HEs go through a dynamic cycle that includes invasion, fixation, inactivation, elimination, and eventual reinvasion (Fig. (Fig.3B)3B) (37-39). Once an HE-containing parasitic element invades a new host, it spreads to all the individuals in that host's population and becomes fixed in that population. Once fixed, the HE becomes nonfunctional (since there are no available target sequences), starts to degenerate, and eventually becomes lost (13). In fact, a large number of group I introns and inteins have lost their respective HE genes. The intron/intein itself will maintain its sequence, because any change will affect its splicing ability, thus negatively impacting the host. Eventually, the whole element is lost from the population by a precise deletion event. The parasitic genetic element reappears in the population only through a new HGT event, a critical process for the long-term maintenance of a parasitic genetic element in a population. Some exceptions to this “homing cycle” model have been described (38). To prevent being purged from a genome, some HEs utilize an intriguing strategy: they have evolved a maturase function (98). Maturase activity promotes intron splicing by stabilizing RNA folding. To function as a maturase, HEs have evolved an RNA-binding site in addition to their DNA-binding site, showing their adaptability (72).
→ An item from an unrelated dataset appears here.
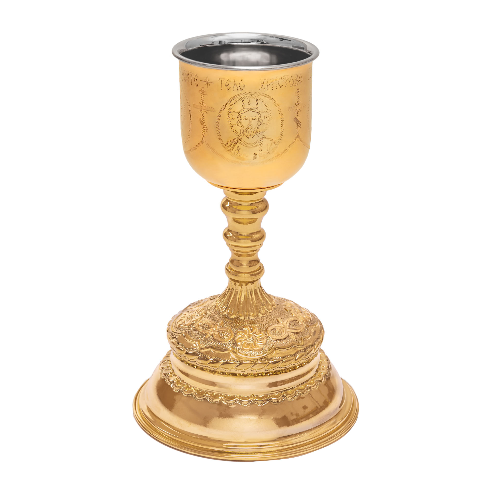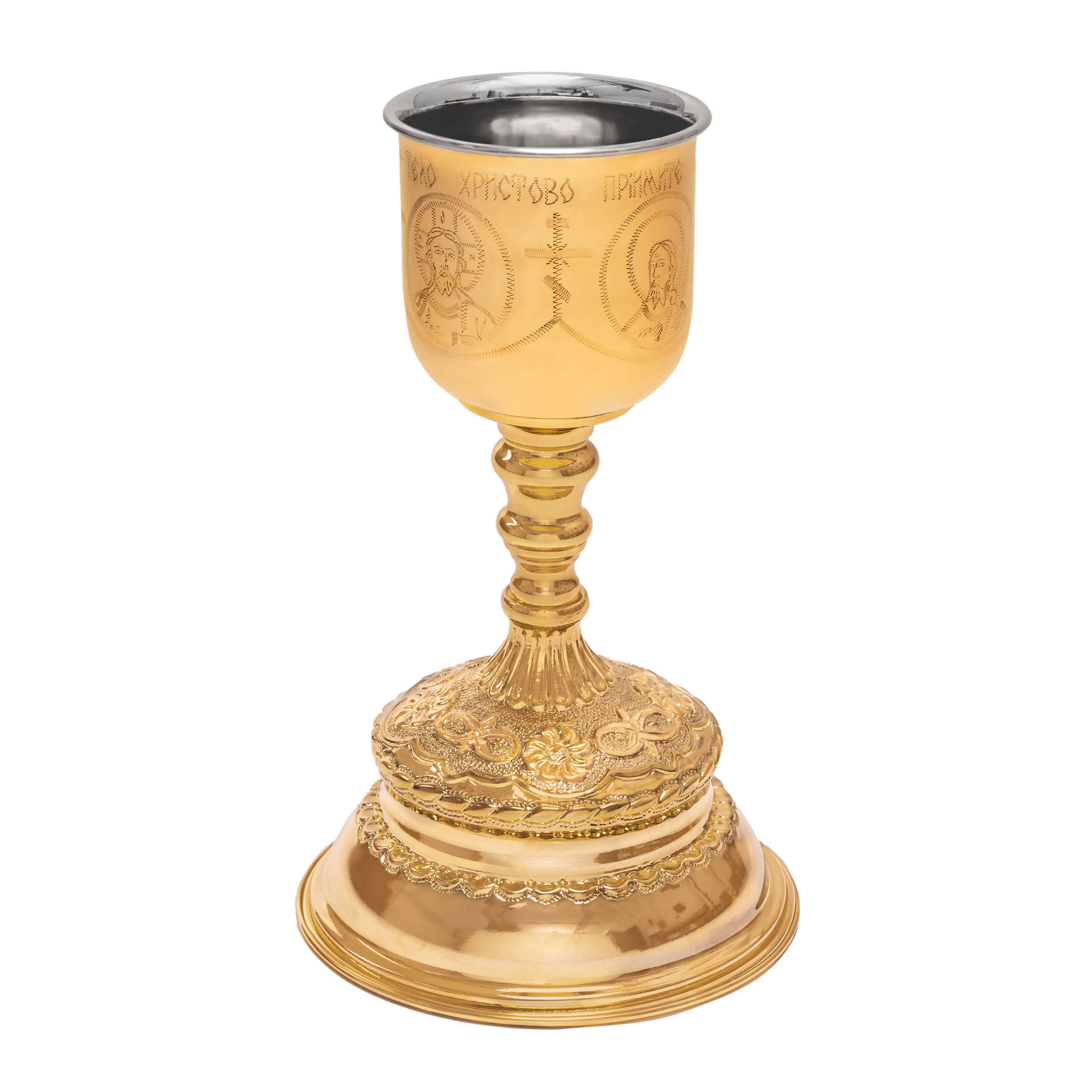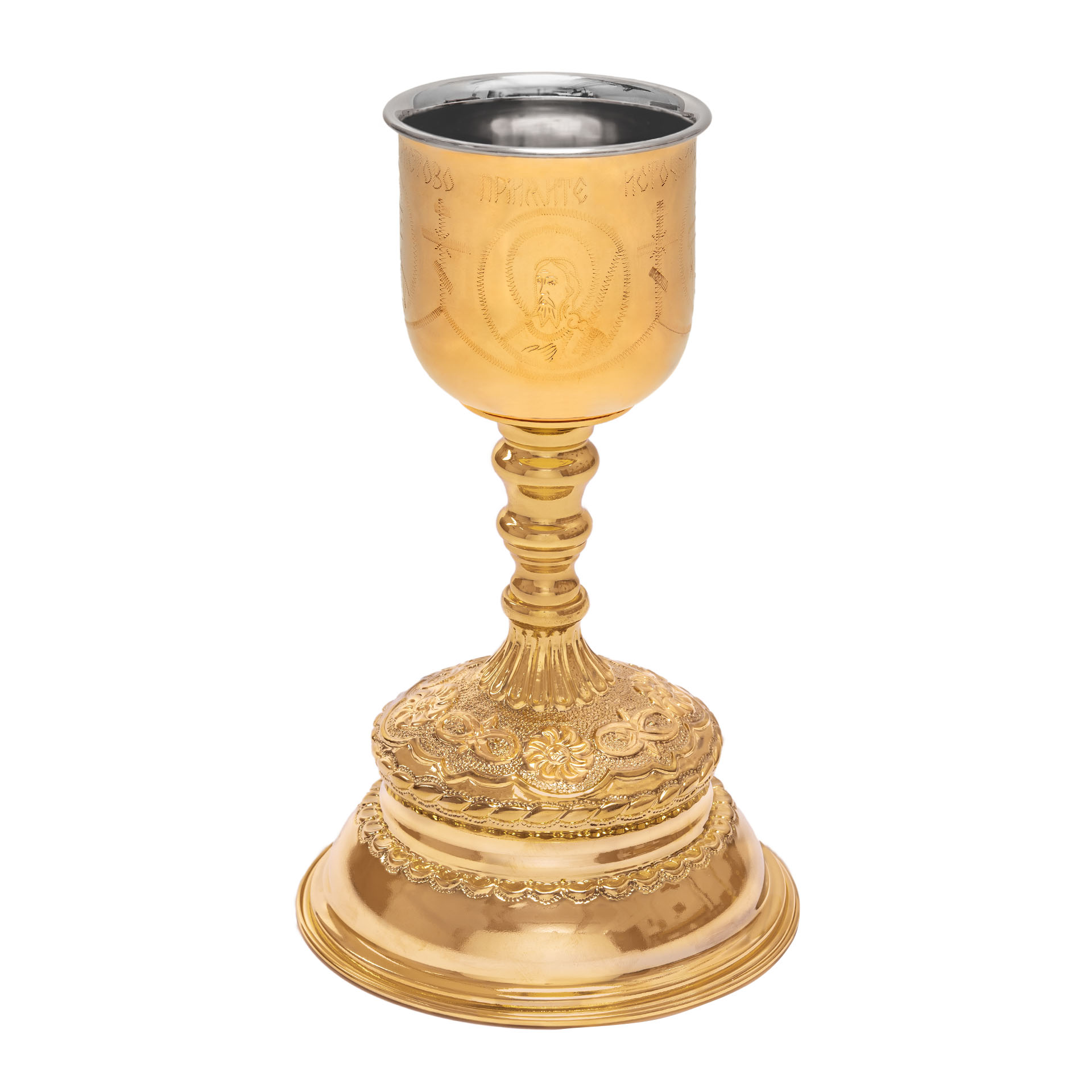 Потир-чаша №5 0.5л с вкладышем (нерж. сталь) г / пластика ручная гравировка золочение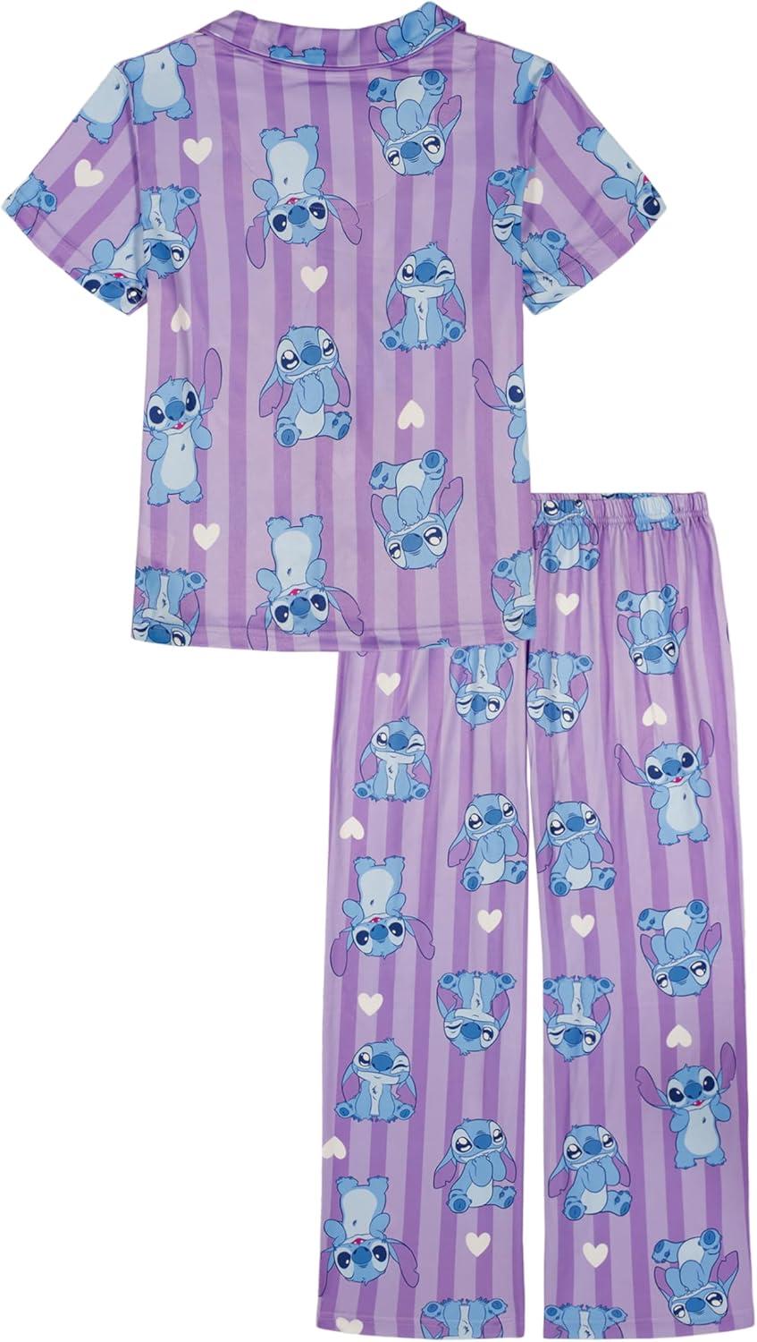 Disney Girls' 2-piece Loose-fit Button Down Matching Pajama Set, Soft & Cute for Kids(Sweet Stitch)

Some HEs confer beneficial functions upon their hosts. VDE (also known as PI-SceI), an HE found inserted in a self-splicing intein in the VMA-1 gene of Saccharomyces cerevisiae, is one of the main regulators of the host's high-affinity glutathione transporter (79). HO (F-SceII), a freestanding HE in S. cerevisiae, mediates mating-type switching (14). An intron-encoded HE was shown to provide a selective advantage to intron-containing Sulfolobus acidocaldarius cells over cells without the intron (1), and I-HmuI, an intron-encoded HE of Bacillus subtilis phage SP82, is required for exclusion of DNA from the related phage SPOI in the progeny of mixed infections (41).
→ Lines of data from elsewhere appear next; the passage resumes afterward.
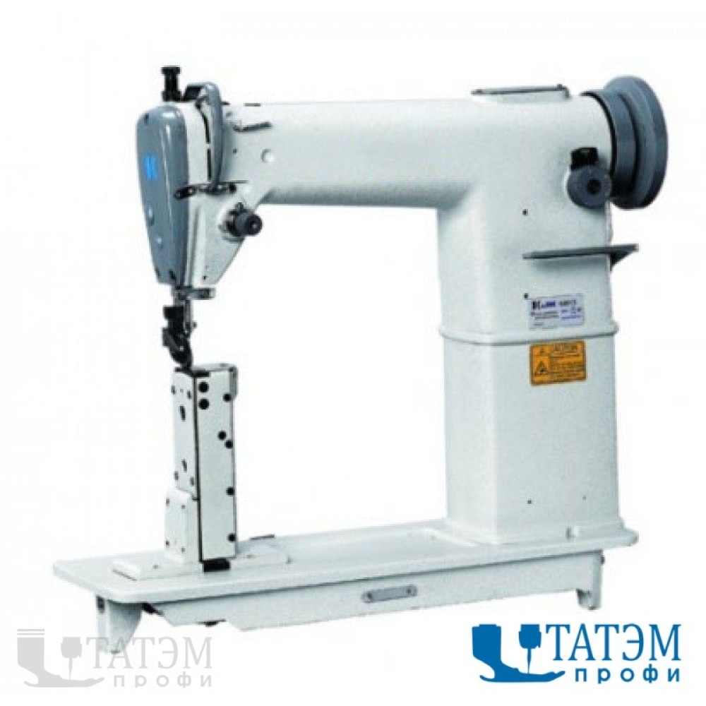 Одноигольная машина с колонковой платформой и устройством подачи тесьмы, для пришивания налобной ленты, при пошиве головных уборов из средних материалов и кожи.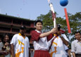Indonesian badminton player Taufik Hidayat runs with the torch during the 15th Asian Games Doha 2006 Torch Relay in Jakarta October 29, 2006. The relay is travelling 50,000km (31,000 miles) to 15 countries and regions in 55 days before returning to Doha for the opening ceremony of the 15th Asian Games. [Reuters]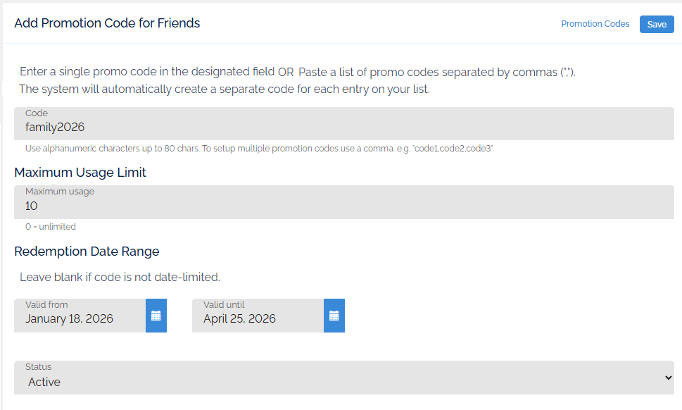 - Promotion Codes: Enter at least one code the registrant will type in. You can enter multiple codes separated by commas. Additional codes can be added later.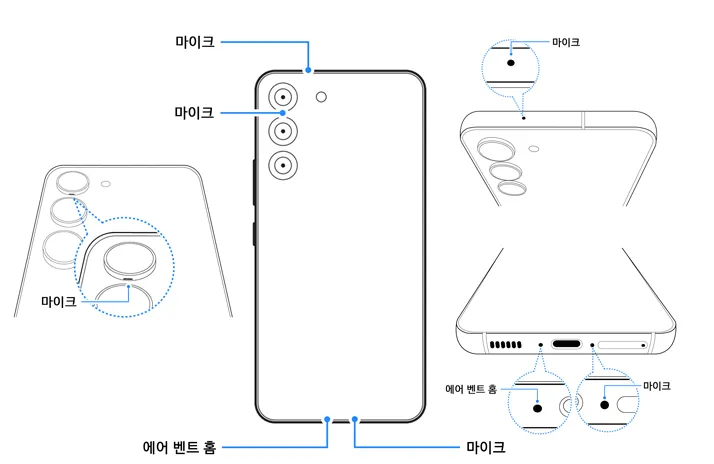 갤럭시 S23/S23+/S23 Ultra 모델은 원활한 통화 및 녹음 성능을 위해 3개의 마이크 홀이 적용되어 있습니다.

Another mechanism of intron mobility involves reverse splicing. In this process, excised intron-RNA base pairs with host RNA sequences that are complementary to its IGS, followed by integration into the transcript by a reversal of the splicing process. The intron then becomes inserted into the corresponding gene through reverse transcription followed by recombination. Reverse splicing has been demonstrated in the lab (95) and inferred from intron transposition patterns (8, 49).
Both group I introns and inteins arose from preexisting molecules with autocatalytic abilities (Fig. (Fig.4).4). The progenitor of group I introns is thought to be a prebiotic catalytic RNA (66). These primordial ribozymes were part of the “RNA world,” which predates current DNA- and protein-based biology. Some of the relics of the era when RNA functioned as a catalyst are found strewn across the contemporary biosphere: RNase P, ribosomes, spliceosomes, telomerase, and self-splicing introns (16). Although RNA is a good informational molecule and a powerful catalyst, it is not clear how these molecules replicated themselves in the preprotein world. Recently, Vicens and Cech showed that group I introns have the potential to polymerize RNA chains by forming 3′,5′ phosphodiester bonds, a milestone in the search for a prebiotic replicase (109). In addition, earlier in vitro evolution studies demonstrated that group I introns can catalyze RNA ligation (52, 118). Taken together, these observations suggest that modern group I introns arose when the self-splicing activity of a primordial replicase-like ribozyme was exploited for mobilization of the molecule as a parasitic genetic element.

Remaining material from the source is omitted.